Che cos'è un modello a più fattori?
Un modello a più fattori è un modello finanziario che impiega molteplici fattori nei suoi calcoli per spiegare i fenomeni di mercato e / o l'equilibrio dei prezzi delle attività. Il modello a più fattori può essere utilizzato per spiegare un singolo titolo o un portafoglio di titoli. Lo fa confrontando due o più fattori per analizzare le relazioni tra le variabili e le prestazioni risultanti.
Comprensione del modello a più fattori
I modelli a più fattori vengono utilizzati per costruire portafogli con determinate caratteristiche, come il rischio, o per tenere traccia degli indici. Quando si costruisce un modello a più fattori, è difficile decidere quanti e quali fattori includere. Inoltre, i modelli sono giudicati in base a numeri storici, che potrebbero non prevedere con precisione valori futuri.
Key Takeaways
- I portafogli a più fattori sono una strategia di modellizzazione finanziaria in cui molteplici fattori, macroeconomici, fondamentali e statistici, vengono utilizzati per analizzare e spiegare i prezzi delle attività e possono essere costruiti utilizzando vari metodi: modellistica intersezionale, combinatoria e sequenziale.
Categorie e costruzione di modelli a più fattori
I modelli a più fattori possono essere suddivisi in tre categorie: modelli macroeconomici, modelli fondamentali e modelli statistici. I modelli macroeconomici confrontano il ritorno di un titolo a fattori quali occupazione, inflazione e interessi. I modelli fondamentali analizzano la relazione tra il rendimento di un titolo e i suoi finanziari sottostanti, come gli utili. I modelli statistici vengono utilizzati per confrontare i rendimenti di diversi titoli in base all'andamento statistico di ciascun titolo in sé e per sé.
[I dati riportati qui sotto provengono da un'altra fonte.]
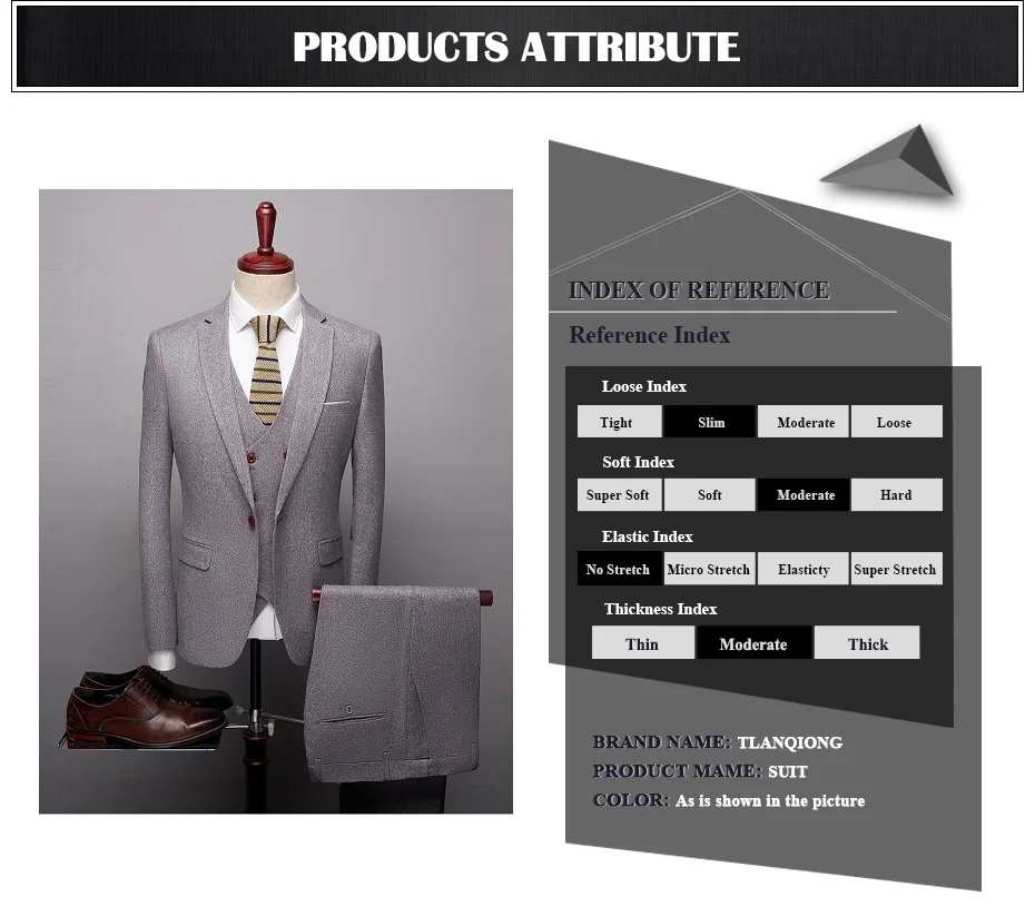 Мужской костюм из 3 предметов TIAN QIONG, деловой Повседневный кост...

I tre approcci più comunemente usati per costruire un modello a più fattori sono il modello combinato, il modello sequenziale e un modello intersezionale. In un modello combinato, più modelli a fattore singolo, che utilizzano un singolo fattore per distinguere le scorte, vengono combinati per creare un modello a più fattori. Ad esempio, le scorte possono essere ordinate in base alla sola quantità di moto nel primo passaggio. I passaggi successivi useranno altri fattori, come la volatilità, per classificarli. Un modello sequenziale ordina le scorte in base a un singolo fattore in modo sequenziale per creare un modello a più fattori.
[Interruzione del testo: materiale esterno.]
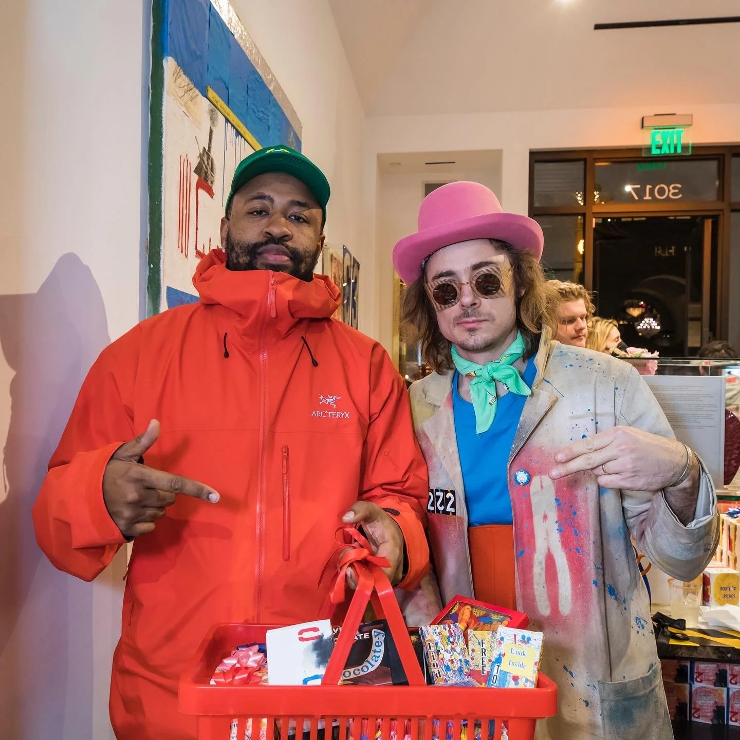 Mike Will Made It and Mr. Wattson posing indoors, Mike wearing a red Arc'teryx jacket and green cap, Wattson dressed as a colorful artist with a pink hat, sunglasses, and a paint-spattered jacket. View fullsize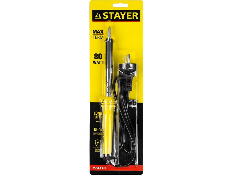 Паяльник STAYER MASTER с пластмассовой рукояткой и долговечным жалом, 80 Вт, клин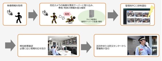 渋谷フクラス内で発生したお客様トラブルや異常を検知した際、防災センターの管理用PCに検知映像が通知され、状況に応じ警備員が急行・巡回を強化する等、「TS-Zero(R)」が警備隊の“目”となり、施設の安全性と警備の網羅性を向上させます。

Ad esempio, le azioni per una specifica capitalizzazione di mercato possono essere analizzate in sequenza per vari fattori, come valore e quantità di moto, ecc., In sequenza. Un altro approccio comunemente usato è il modello intersezionale in cui gli stock sono ordinati in base ai loro incroci per fattori. Ad esempio, le azioni possono essere ordinate e classificate in base alle intersezioni in valore e quantità di moto.
Beta
Il beta di un titolo misura il rischio sistemico del titolo rispetto al mercato globale. Una beta di 1 indica che la sicurezza sperimenta teoricamente lo stesso grado di volatilità del mercato e si muove in parallelo con il mercato. Una beta maggiore di 1 indica che la sicurezza è teoricamente più volatile del mercato. Al contrario, una beta inferiore a 1 indica che la sicurezza è teoricamente meno volatile rispetto al mercato.
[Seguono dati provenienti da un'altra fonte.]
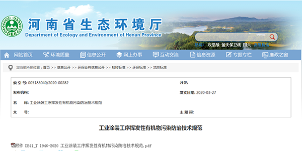 2020年3月27日,河南省生態(tài)環(huán)境廳發(fā)布了《工業(yè)涂裝工序揮發(fā)性有機(jī)物污染防治技術(shù)規(guī)范》(DB41/T 1946-2020),詳情如下: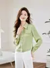 2024 Verão Nova Lapela Bolso Camisa de manga comprida Mulher Puro Desejo Vento Multi-desgaste Solto Top Feminino

Formula del modello a più fattori
I fattori vengono confrontati utilizzando la seguente formula:
Ri = ai + _i (m) * Rm + _i (1) * F1 + _i (2) * F2 +… + _ i (N) * FN + ei
Dove:
Ri è il ritorno della sicurezza i
Rm è il ritorno sul mercato
F (1, 2, 3… N) è ciascuno dei fattori utilizzati
_ è la beta rispetto a ciascun fattore incluso il mercato (m)
e è il termine di errore
a è l'intercetta
Fama e modello francese a tre fattori
Un modello a più fattori ampiamente utilizzato è il modello a tre fattori Fama e francese. Il modello Fama e quello francese hanno tre fattori: dimensione delle imprese, valori da book to market e eccesso di rendimento sul mercato. In altre parole, i tre fattori utilizzati sono SMB (piccolo meno grande), HML (alto meno basso) e il rendimento del portafoglio meno il tasso di rendimento privo di rischio. Le PMI tengono conto di società quotate in borsa con capitalizzazioni di mercato ridotte che generano rendimenti più elevati, mentre HML contabilizza titoli di valore con rapporti book-to-market elevati che generano rendimenti più elevati rispetto al mercato.